Purpose : Long-term use of glucocorticoids (GCs) may increase intraocular pressure (IOP) in about 40% of the general population. This IOP elevation is due to GC-induced pathological changes in the trabecular meshwork (TM). Published studies show that ABCA1 is associated with glaucoma susceptibility. The inhibitor of ABCA1 decreases outflow facility while the agonist of ABCA1 increases outflow facility and IOP in perfusion cultured human eyes and mouse eyes, respectively. Here, we determined if ABCA1 is involved in lipid metabolism and ECM accumulation induced by GCs in the TM.

Methods : Several characterized primary human TM (pHTM) cell strains and the transformed GTM3 cell line were used. The cells were treated with 100nM dexamethasone (DEX) with or without RU 486 (the DEX inhibitor) for 3-5 days. Some cells were transfected with ABCA1 siRNA (10nM) or non-targeting (NT) siRNA with or without DEX/RU486. At the end of the treatment, conditioned medium (CM) and whole cell lysates (WCL) were collected for Western immunoblotting. Some cells were used for oil red staining (for liquid deposition) or the cholesterol /cholesterol ester Glow assay kit.
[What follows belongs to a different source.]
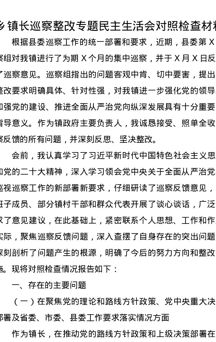 乡镇长巡察整改专题xxxxx对照检查材料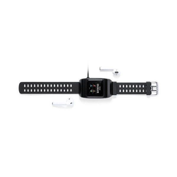 Multigadget smartwatch met oortelefoon geïntegreerd in de behuizing. Met Bluetooth®-verbinding en casual ontwerp, TPU-bandje en 1,30-inch TFT-aanraakscherm, waardoor het de perfecte gadget is voor allerlei soorten sport, vrije tijd en dagelijkse activiteiten.Spatwaterbestendig, met APP beschikbaar voor iOS en Android. Oplaadbaar via USB (kabel inbegrepen) en gepresenteerd in een aantrekkelijke ontwerpdoos. Gebruiksaanwijzing beschikbaar in het Engels en Spaans.

Results : In both pHTM and GTM3 cells, DEX induced the expression of ABCA1 which was inhibited by co-treatment with RU486. Oil red staining showed that DEX induced lipid accumulation in TM cells, and this induction was also inhibited by RU486. By knocking down ABCA1 using siRNA, we found that there was an increase in fibronectin and collagen I in TM cells. Besides, ABCA1 knockdown increased DEX-induced cholesterol /cholesterol ester levels in TM cells.

Conclusions : The expression of ABCA1 is induced by GC signaling in the TM. Since ABCA1 knockdown increased lipids and ECM in the TM, ABCA1 seems to be “beneficial” to the TM.

This abstract was presented at the 2024 ARVO Annual Meeting, held in Seattle, WA, May 5-9, 2024.